[Supplied data Boundary: Start]
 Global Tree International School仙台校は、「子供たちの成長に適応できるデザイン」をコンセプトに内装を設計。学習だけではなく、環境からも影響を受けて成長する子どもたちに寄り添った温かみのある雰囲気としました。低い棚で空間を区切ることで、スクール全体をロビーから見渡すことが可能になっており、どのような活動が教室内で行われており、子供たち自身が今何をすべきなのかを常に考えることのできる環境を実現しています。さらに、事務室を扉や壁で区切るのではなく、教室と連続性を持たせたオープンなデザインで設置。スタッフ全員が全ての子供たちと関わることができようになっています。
[Supplied data Boundary: End]
[Supplied data Boundary: Start]
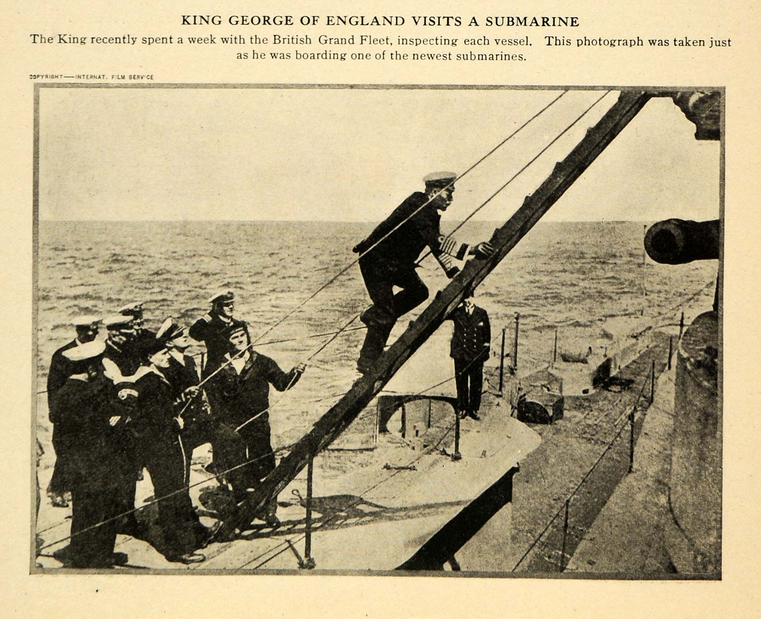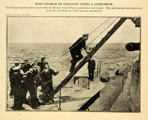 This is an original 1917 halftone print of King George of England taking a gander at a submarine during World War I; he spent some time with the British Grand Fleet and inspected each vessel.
[Supplied data Boundary: End]
[Supplied data Boundary: Start]
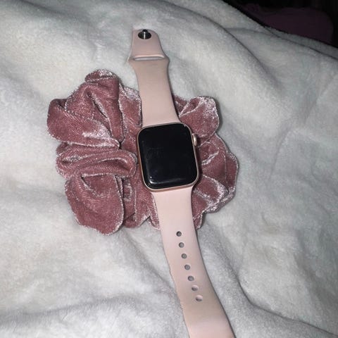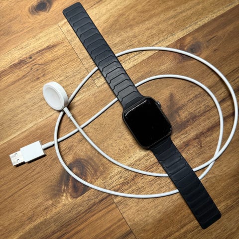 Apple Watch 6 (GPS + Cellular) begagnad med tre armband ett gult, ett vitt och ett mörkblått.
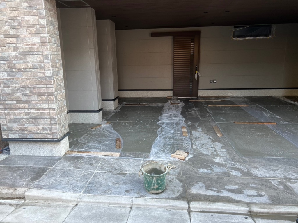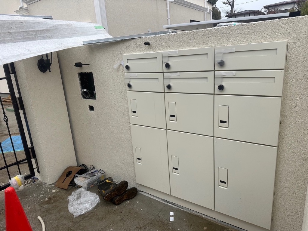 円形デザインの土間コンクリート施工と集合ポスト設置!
[Supplied data Boundary: End]
◆ **Work instructions**
Although the records above contain pictures, the copy should not; retype exactly the lines from the one containing "Apple Watch 6" through the one containing "円形デザインの土間コンクリート施工と集合ポスト設置!".

◆ **Result below**
 Apple Watch 6 (GPS + Cellular) begagnad med tre armband ett gult, ett vitt och ett mörkblått.
 円形デザインの土間コンクリート施工と集合ポスト設置!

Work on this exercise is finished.